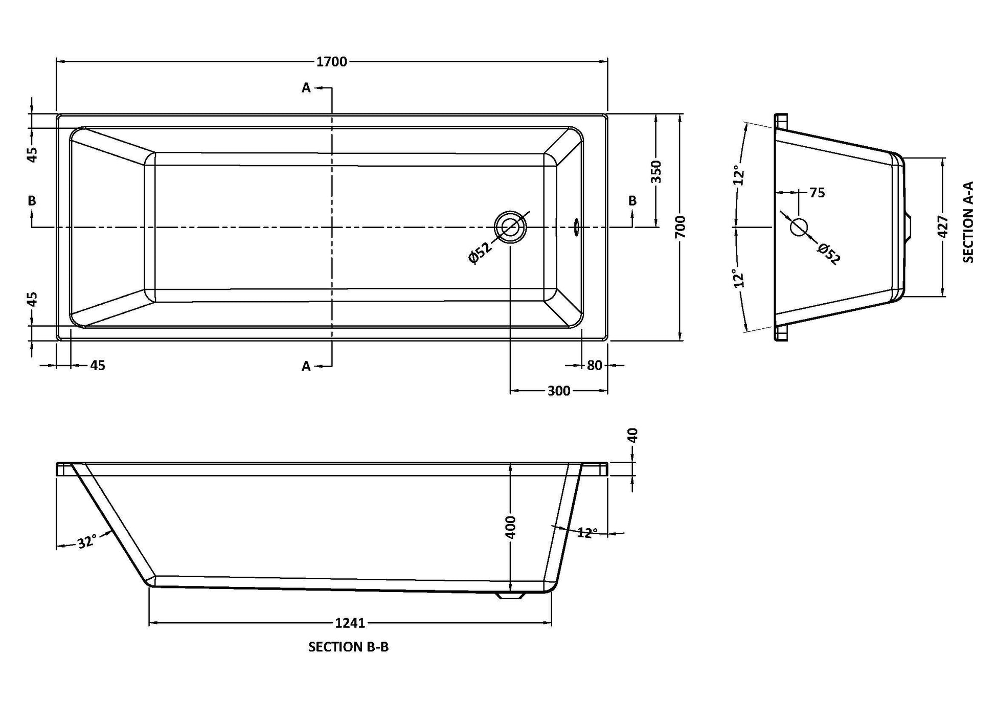 nuie Linton Square Thin Edge Single Ended Straight Shower Bath 1700mm x 700mm - White
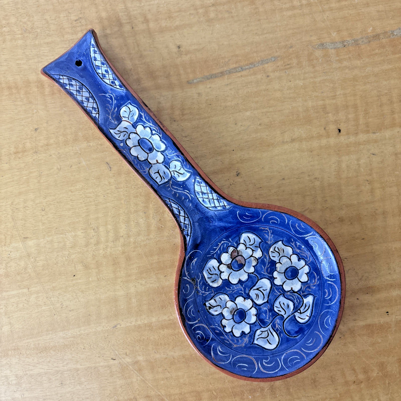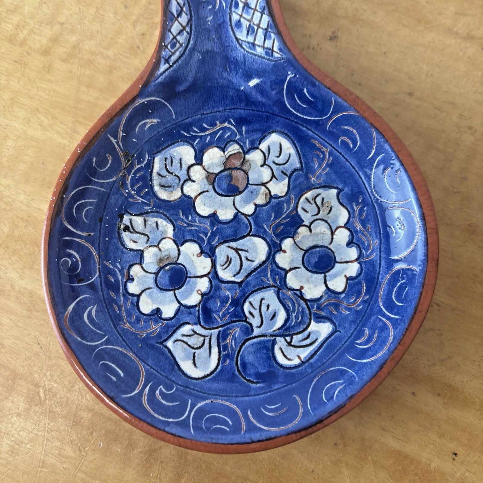 Hand-Painted Portuguese Pottery Clay Terracotta Spoon Rest Portugal Ceramic
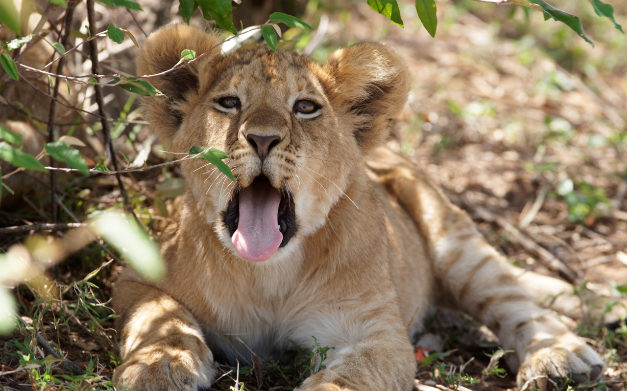 Назад к обои язык, трава, взгляд, ветки, отдых, тень, лев, детёныш
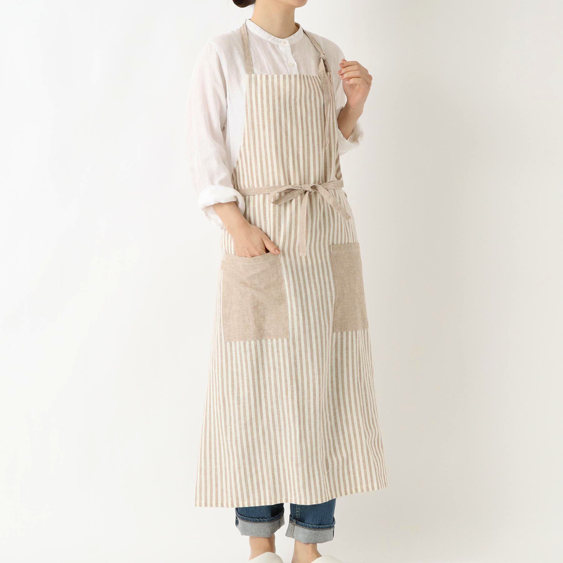 【トゥーワントゥーキッチンストア/212 KITCHEN STORE】 ブロックストライプ リネンコットン フルエプロン NT <212Kオリジナル >

# # # #

* [Task to complete] Reproduce the listing word for word and omit its pictures.

* [Exercise result]
 nuie Linton Square Thin Edge Single Ended Straight Shower Bath 1700mm x 700mm - White
 Hand-Painted Portuguese Pottery Clay Terracotta Spoon Rest Portugal Ceramic
 Назад к обои язык, трава, взгляд, ветки, отдых, тень, лев, детёныш
 【トゥーワントゥーキッチンストア/212 KITCHEN STORE】 ブロックストライプ リネンコットン フルエプロン NT <212Kオリジナル >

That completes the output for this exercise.